Activity
Pictures stay out of the output. Return exactly the lines below from the one with "Der IDF gelang" down to the one with "Rhino Vector Leather", both included, and nothing more.

Provided records
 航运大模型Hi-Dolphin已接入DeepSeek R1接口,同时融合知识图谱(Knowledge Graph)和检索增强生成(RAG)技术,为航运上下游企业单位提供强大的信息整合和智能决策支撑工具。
==
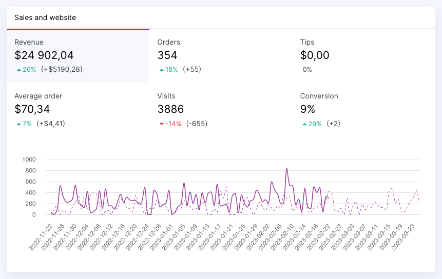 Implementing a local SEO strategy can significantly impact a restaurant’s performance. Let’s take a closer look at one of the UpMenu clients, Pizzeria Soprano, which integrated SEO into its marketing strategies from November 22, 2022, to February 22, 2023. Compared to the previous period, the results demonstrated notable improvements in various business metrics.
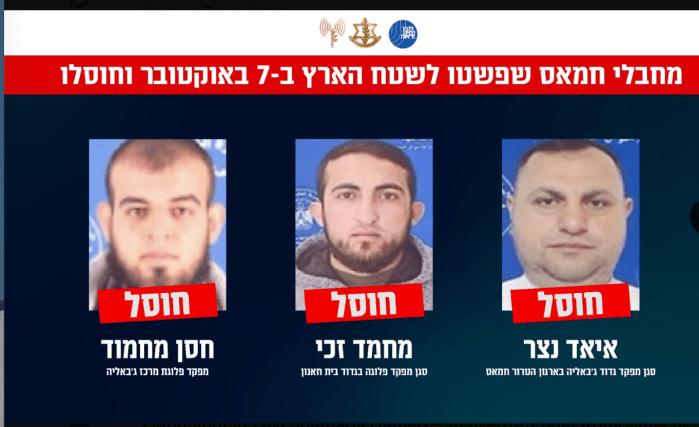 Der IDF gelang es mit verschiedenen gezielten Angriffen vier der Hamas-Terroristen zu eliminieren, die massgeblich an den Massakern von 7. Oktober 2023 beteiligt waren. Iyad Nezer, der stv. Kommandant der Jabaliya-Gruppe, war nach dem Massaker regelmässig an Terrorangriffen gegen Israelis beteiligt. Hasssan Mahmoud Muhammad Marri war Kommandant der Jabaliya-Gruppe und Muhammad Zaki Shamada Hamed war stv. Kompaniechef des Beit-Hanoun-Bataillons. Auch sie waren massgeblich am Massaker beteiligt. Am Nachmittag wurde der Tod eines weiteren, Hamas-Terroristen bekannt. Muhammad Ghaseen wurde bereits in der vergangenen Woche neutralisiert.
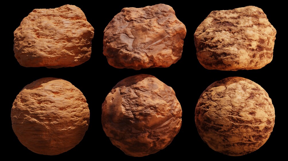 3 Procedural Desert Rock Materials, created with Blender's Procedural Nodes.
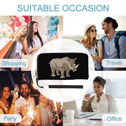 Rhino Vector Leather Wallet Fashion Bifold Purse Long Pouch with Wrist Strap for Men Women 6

Reply to the exercise
 Der IDF gelang es mit verschiedenen gezielten Angriffen vier der Hamas-Terroristen zu eliminieren, die massgeblich an den Massakern von 7. Oktober 2023 beteiligt waren. Iyad Nezer, der stv. Kommandant der Jabaliya-Gruppe, war nach dem Massaker regelmässig an Terrorangriffen gegen Israelis beteiligt. Hasssan Mahmoud Muhammad Marri war Kommandant der Jabaliya-Gruppe und Muhammad Zaki Shamada Hamed war stv. Kompaniechef des Beit-Hanoun-Bataillons. Auch sie waren massgeblich am Massaker beteiligt. Am Nachmittag wurde der Tod eines weiteren, Hamas-Terroristen bekannt. Muhammad Ghaseen wurde bereits in der vergangenen Woche neutralisiert.
 3 Procedural Desert Rock Materials, created with Blender's Procedural Nodes.
 Rhino Vector Leather Wallet Fashion Bifold Purse Long Pouch with Wrist Strap for Men Women 6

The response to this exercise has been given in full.